Volví a perderme deambulando lánguidamente
por el British Museum. Cuando logro despabilarme del placer absoluto
que me provoca el lugar, concluyo que los artistas no sólo ejercemos la
profesión más antigua sino también la más constante a través de los tiempos.
Fue un
artista –o varios trabajando en equipo-
el que pintó los sarcófagos de la alta realeza egipcia del Antiguo Imperio; el
que tallo los rulos de las barbas de los toros alados de Asiria, el que esculpió exquisitamente los centauros de los frisos
del Partenón. Fueron artistas los que realizaron las elegantes
pinturas ornamentales del múltiple menaje griego y romano. Anónimos pero artistas.

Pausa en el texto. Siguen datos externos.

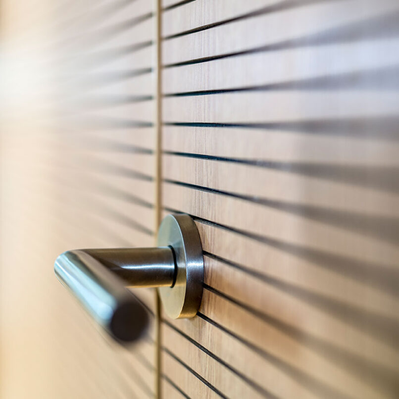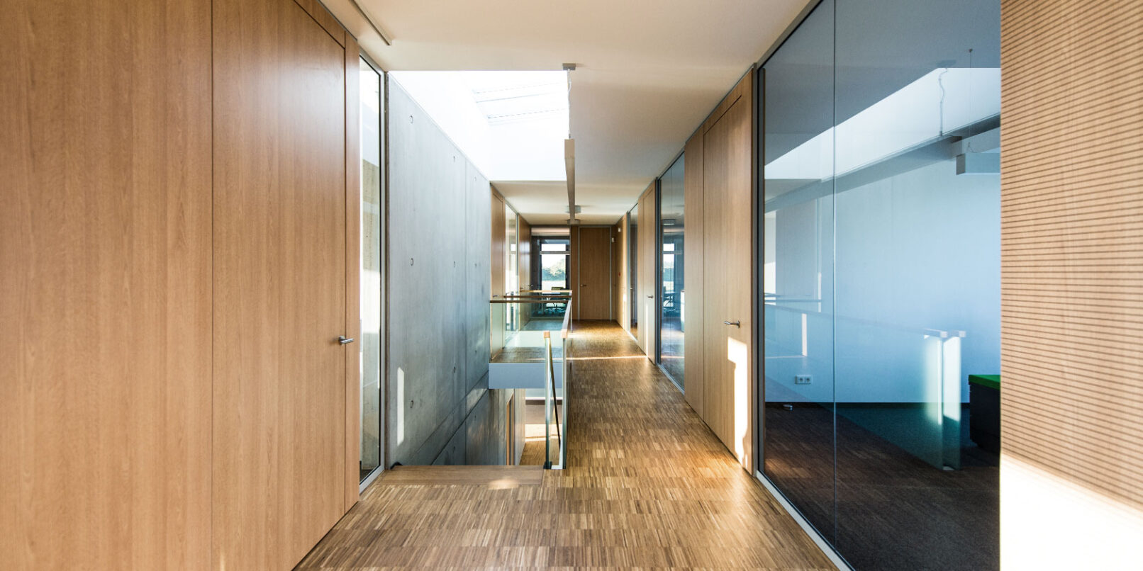 Raumhohe Glastrennwände wechseln rhythmisch mit massiven, raumhohen Türelementen und trennen die Büros als Rückzugsbereiche für konzentriertes Arbeiten zu den Fluren.
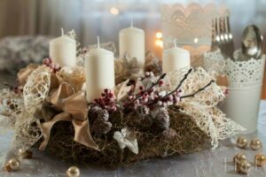 Kakšni so simboli adventnega venčka – ki jih morda ne poudarjamo dovolj? Pomembno je, da dventni venec leži, ne visi — to je kar zanimiv detajl. Statična lega nakazuje mir, notranjo pripravo, tišino, nasprotje vrveža decembrske komercializacije.

Cuando en un museo como el Británico uno pasa de salas y de épocas
con tanta facilidad, puede apreciar el hilo conductor de la estética a través
de los años. A veces en evolución y otras veces en decadencia, pero siempre la
belleza ha sido necesaria aun en lo más cotidiano como una cuchara. Siempre ha sido menester la intervención del
artista para aportar ese detalle, congela el ideal de belleza, y reseñar su
tiempo para la posteridad. Los museos resultan,
al cabo, la memoria de los pueblos contada por la mirada de sus artistas.